2010年に砂町小学校、 2011年には第四砂町中学校と、指導をお願いした関口隆雄氏には、お世話になりっぱなしだったので、ご挨拶にお宅に伺った。
関口家は、砂村の都市化で昭和12年に現在の西葛西に移り住み、関口氏は同年に生まれた。
当時、近くを流れる荒川には橋もなく、西葛西からは遠回りをしなければならない不便なところだったという。
同氏は1974年(昭和49年)に日本農業賞東京都代表の個人の部で「担い手」として同賞を受賞している。
同賞を受賞したころの「つまみ菜」収穫風景。遠く東西線の高架が出来上がったころ。
地下鉄東西線が計画され 1979年(昭和54年)10月1日に西葛西駅開業したことで、駅前1分の所で農業を続けた。
1988年(昭和63年)には、東京築地青果で一番の年間取引額を記録したという。
当時はつまみ菜(3月〜10月)、春菊(10月〜2月)、ターサイ(10月〜3月)のローテーション。
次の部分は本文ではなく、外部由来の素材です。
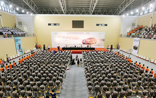 6月20日上午,2013年全國職業(yè)院校技能大賽中職組“雪佛蘭杯”汽車運用與維修技能大賽開幕式在無錫汽車工程中等專業(yè)學校體育館舉行。交通運輸部道路運輸司王水平副司長、江蘇省教育廳楊湘寧副廳長、無錫市人民政府華博雅副市長、大賽主贊助商——上海通用汽車有限公司黨委書記黃強出席開幕式并致辭。裁判員代表洪永楠、參賽選手代表何宇先后宣誓。大賽開幕式由國家教育部職成教司農(nóng)村教育處劉杰處長主持。
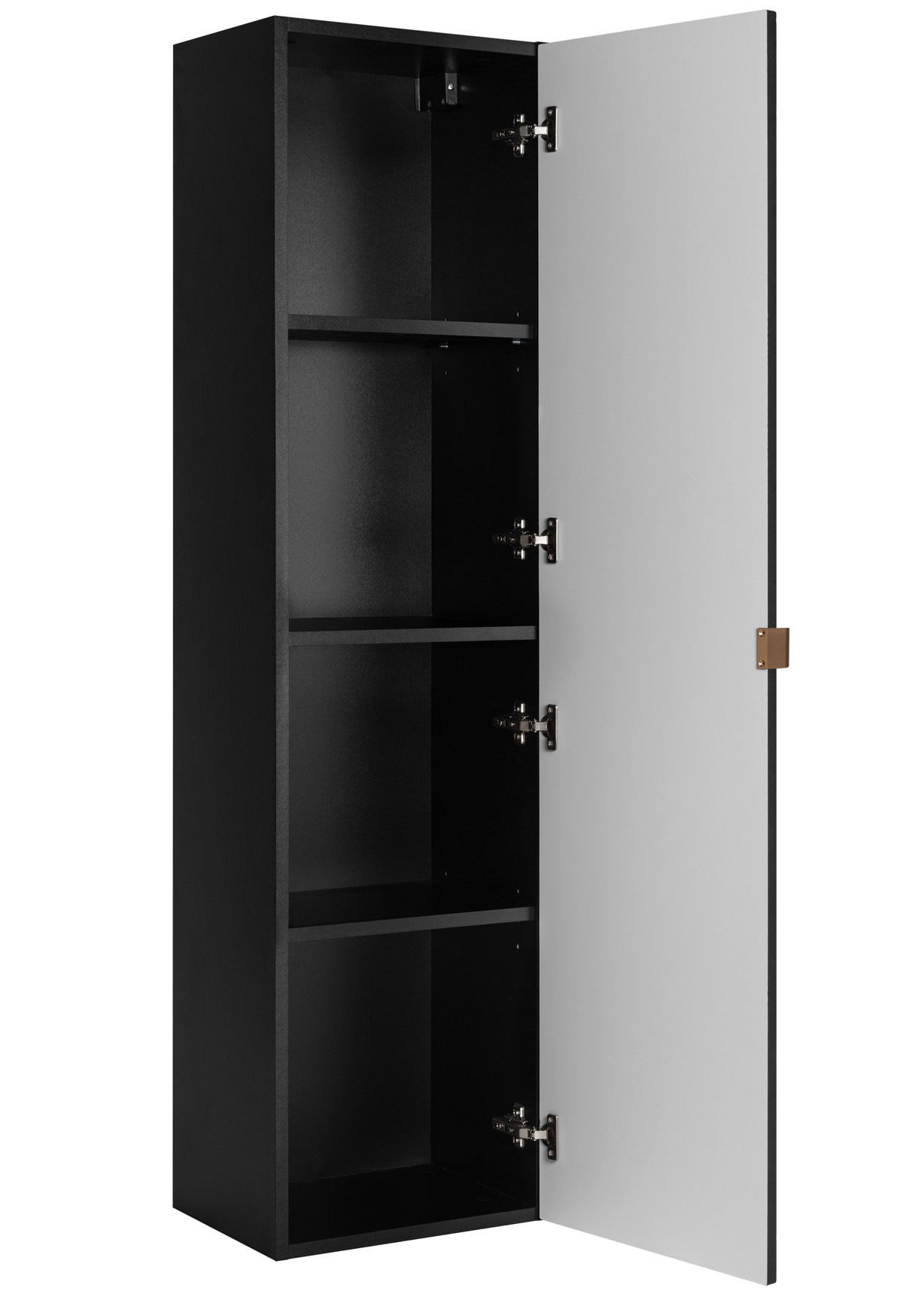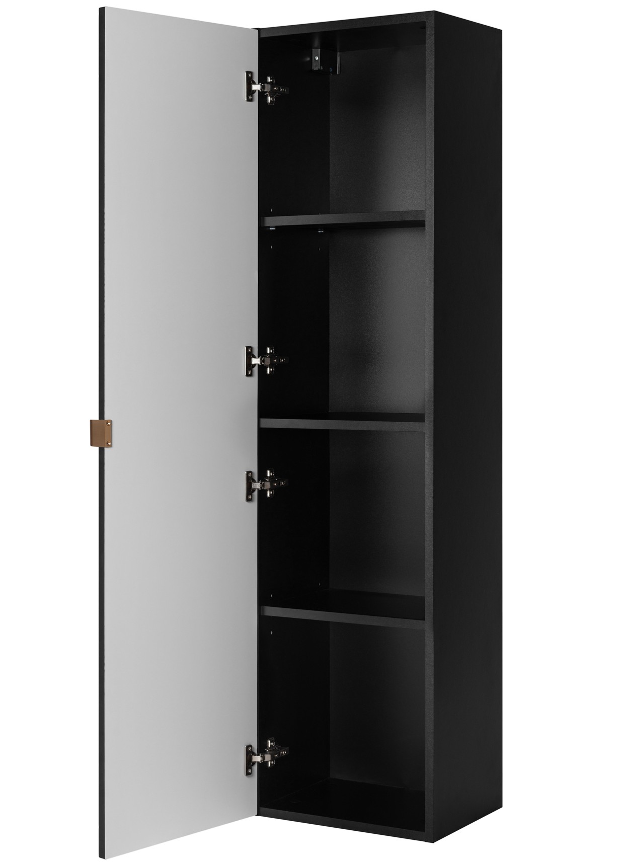 Szafka wyposażona jest w zawiasy, które posiadają funkcję cichego domyku SOFT CLOSE. Dzięki temu korzystanie z szafki jest komfortowe i bezgłośne. Możliwość regulacji wysokości górnej i dolnej półki.
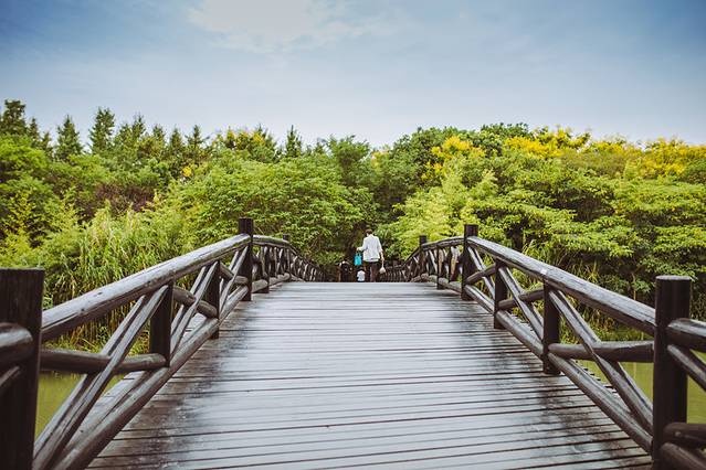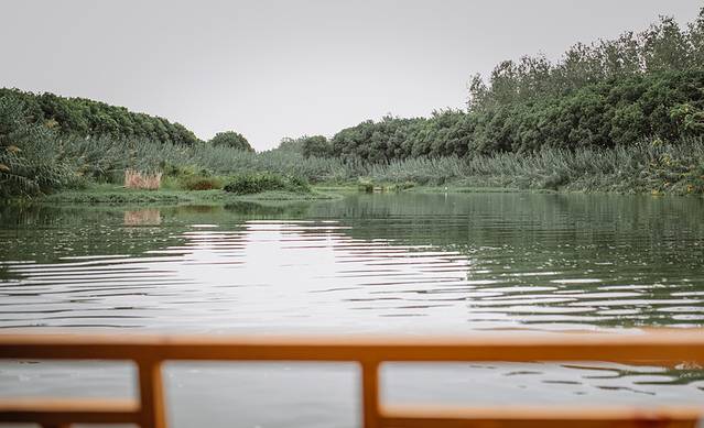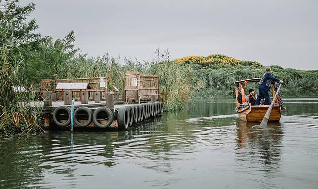 来湿地,总要坐上一回摇橹船。看着蓝花布随着微风轻摆地摇曳,听着船划过水面留下的轻声低吟。有一些思绪,随着荡起的波纹,留在身后。在小船的晃晃悠悠中,误入芦苇荡的深处,寻觅心中的秋日江南。
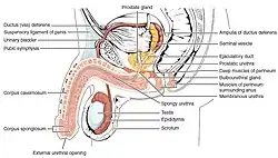 A uretra, é a última parte do tracto urinário, atravessa o corpo esponjoso, e a sua abertura, conhecida como o meato ureteral, situa-se sobre a ponta da glande do pénis. É uma passagem tanto para a urina quanto para a ejaculação do sêmen. Os espermatozoides são produzidos nos testículos e armazenados no epidídimo anexado. Durante a ejaculação, os espermatozoides são impulsionados pelos canais deferentes, dois ductos que passam por cima e por trás da bexiga. Os fluidos são adicionados pelas vesículas seminais e os vasos deferentes transformam-se nos ductos ejaculatórios, que se unem à uretra dentro da próstata. Tanto a próstata quanto as glândulas bulbouretrais adicionam mais secreções e o sêmen é expelido pelo pénis.
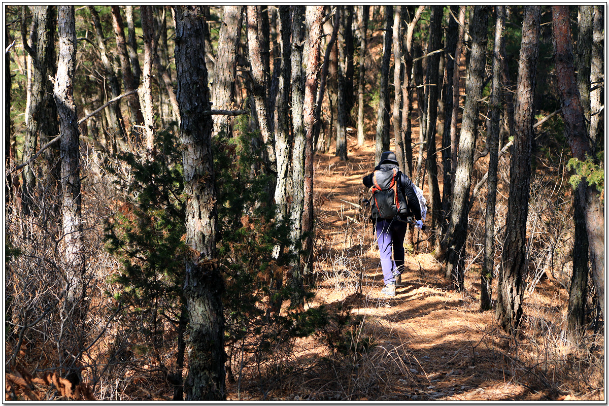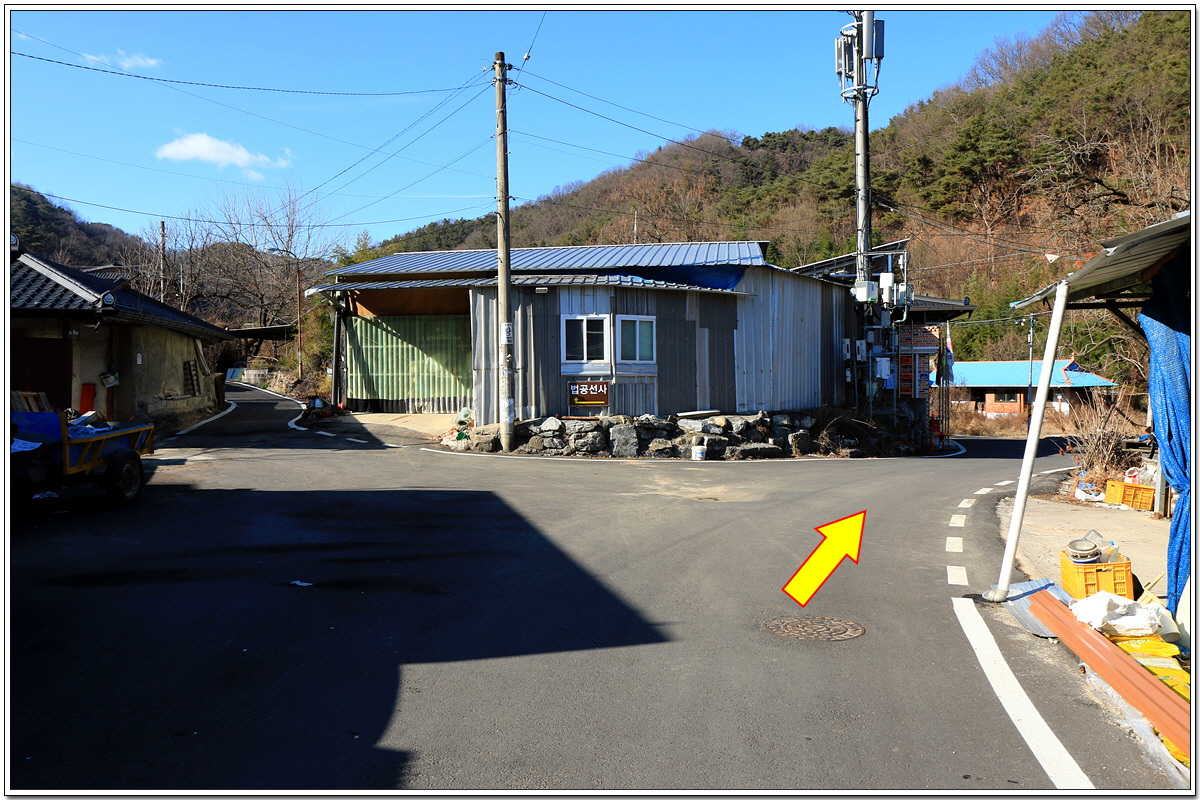 완만한 오르막 도로를 따라 가다가 왼쪽에 이정표가 있는 곳에서 산으로 오른다

特に、ターサイを日本に導入したのが関口さんで、一番良いものを栽培していたから、横浜中華街がお客さんだったという。春菊なども老舗がこぞって買ってくれたという。
尚、つまみ菜は、1996年大阪堺市で発生したO157中毒事件で、カイワレ大根が原因とされたことで需要が激減したことから栽培をやめてしまった。
しかし、原因はいまだにわかっていない。
当時卸では、築地三徳や金八が主な取引先だったというが、両社は現在、江戸東京野菜普及推進連絡協議会の役員としてご活躍を頂いていて、ご縁を感じる。
現在は、マンション経営の傍ら、自宅周辺の空いたスペースと、隣の千葉県で農業をされている。